How do you evaluate the definite integral #int (3-abs(x-3))dx# from [1,4]?

To evaluate the definite integral ( \int_{1}^{4} (3 - |x - 3|) , dx ), we split the integral into two parts based on the absolute value function.

1. For ( 1 \leq x \leq 3 ): [ 3 - |x - 3| = 3 - (3 - x) = x ]

2. For ( 3 < x \leq 4 ): [ 3 - |x - 3| = 3 - (x - 3) = 6 - x ]

Then, we integrate each part separately within the given limits:

1. For ( 1 \leq x \leq 3 ): [ \int_{1}^{3} x , dx = \left[ \frac{x^2}{2} \right]_{1}^{3} = \frac{9}{2} - \frac{1}{2} = 4 ]

2. For ( 3 < x \leq 4 ): [ \int_{3}^{4} (6 - x) , dx = \left[ 6x - \frac{x^2}{2} \right]_{3}^{4} = (24 - 8) - (18 - 4.5) = 16 - 13.5 = 2.5 ]
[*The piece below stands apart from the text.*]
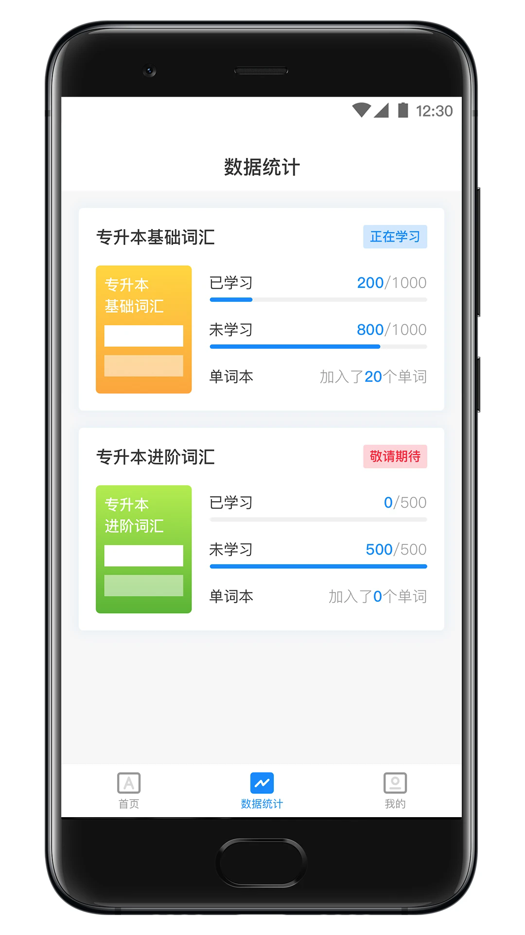 3.可以将你每日背单词的数据进行统计,可以看到误读数以及剩余数等数据。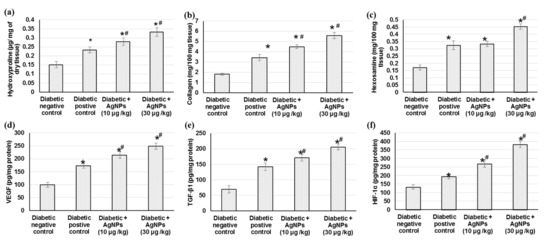 Effect of treatment with AgNPs green synthesized by Synechocystis sp. on (a) hydroxyproline content, (b) collagen, (c) hexosamine, (d) VEGF, (e) TGF-β1, and (f) HIF-1α in excision wound model. All values are expressed as mean ± SD (n = 6). * indicates statistically significant from diabetic negative control group, # indicates statistically significant from diabetic positive control group (p < 0.05) using one-way ANOVA followed by Tukey’s test as a post hoc analysis.

Finally, summing up the results from both intervals: [ \int_{1}^{4} (3 - |x - 3|) , dx = 4 + 2.5 = 6.5 ]

To evaluate the definite integral ∫(3 - |x - 3|) dx from 1 to 4, you need to break the interval [1, 4] into two parts: from 1 to 3 and from 3 to 4. In each interval, the absolute value term changes sign at x = 3, so you'll have different expressions for the function in each part.
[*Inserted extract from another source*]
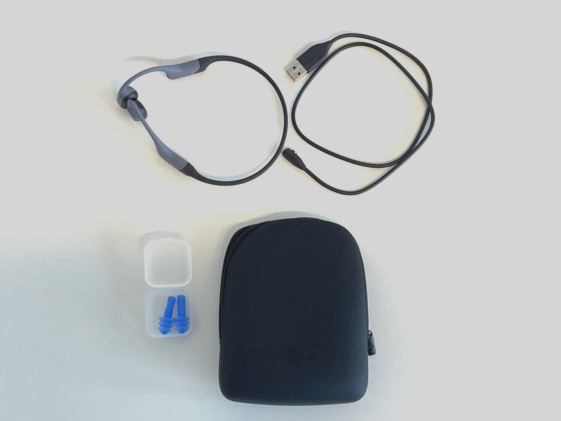 Die Akkulaufzeit beträgt über Bluetooth bei mittlerer Lautstärke etwa 8 Stunden – sehr gut. Nutzen wir den Speicher innerhalb der Kopfhörer, sind es immerhin noch 5 Stunden. Insgesamt gute Werte, die für jede Sportsession ausreichen sollten. Im Lieferumfang befindet sich lediglich ein Schutzcase, laden können wir die OpenSwim Pro darüber aber nicht. Dies geht nur über das beigelegte USB-Kabel. Eine komplette Aufladung erfolgt in anderthalb Stunden. Nicht besonders schnell, aber in der Praxis durchaus ausreichend.

For the interval [1, 3], the function 3 - |x - 3| simplifies to 3 - (3 - x) = x.

For the interval [3, 4], the function 3 - |x - 3| simplifies to 3 - (x - 3) = 6 - x.
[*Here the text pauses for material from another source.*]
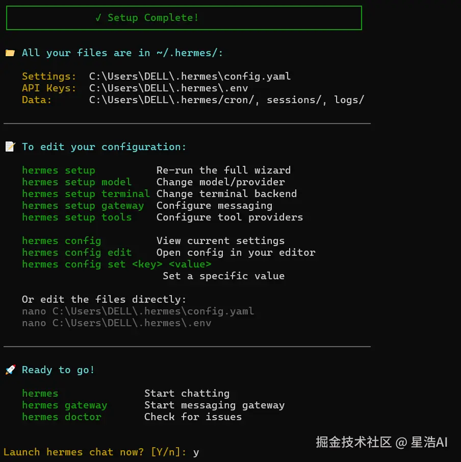 Launch hermes chat now ? 选择Y。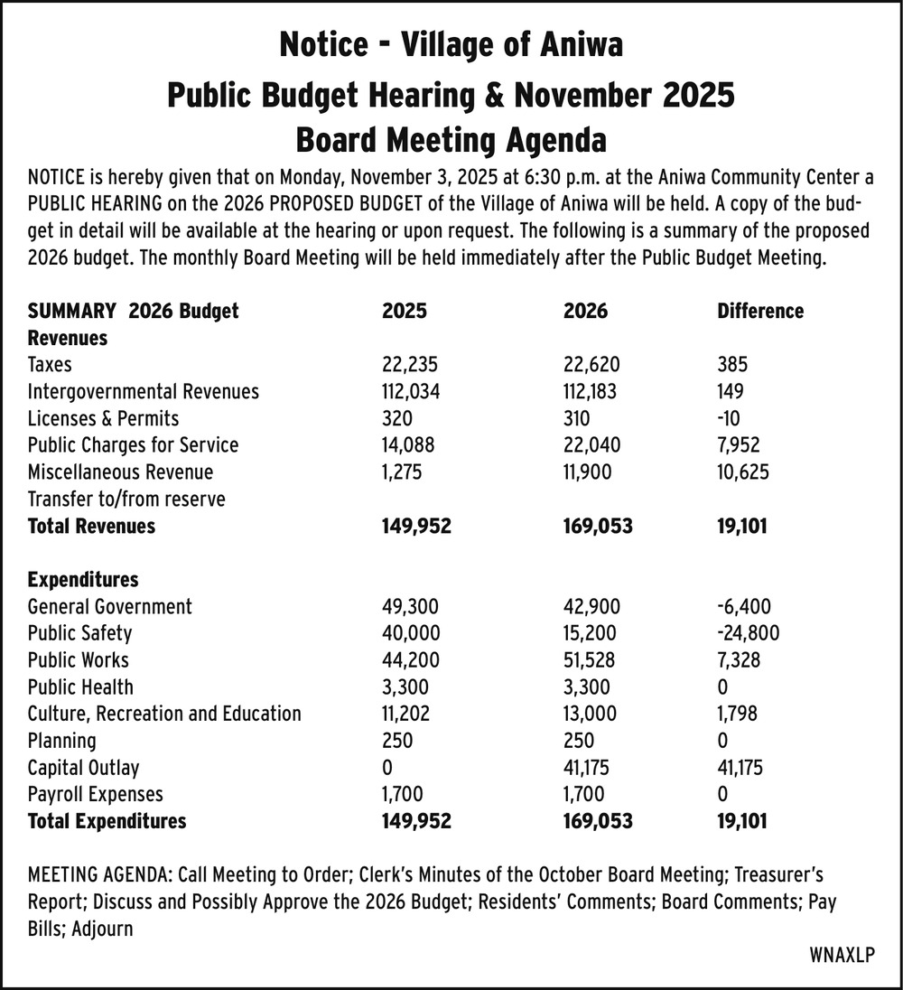 Oct 29, 2025. Village of Aniwa Public Notice Ads from Antigo Daily Journal

Now, integrate each part separately: ∫(x) dx from 1 to 3 = [x^2 / 2] evaluated from 1 to 3 = (9 / 2) - (1 / 2) = 4

∫(6 - x) dx from 3 to 4 = [6x - (x^2 / 2)] evaluated from 3 to 4 = (24 - 8) - ((18 - 9) / 2) = 16 - (9 / 2) = 23 / 2

Add the integrals together: 4 + 23 / 2 = 8 + 23 / 2 = 31 / 2

So, the value of the definite integral ∫(3 - |x - 3|) dx from 1 to 4 is 31 / 2 or 15.5.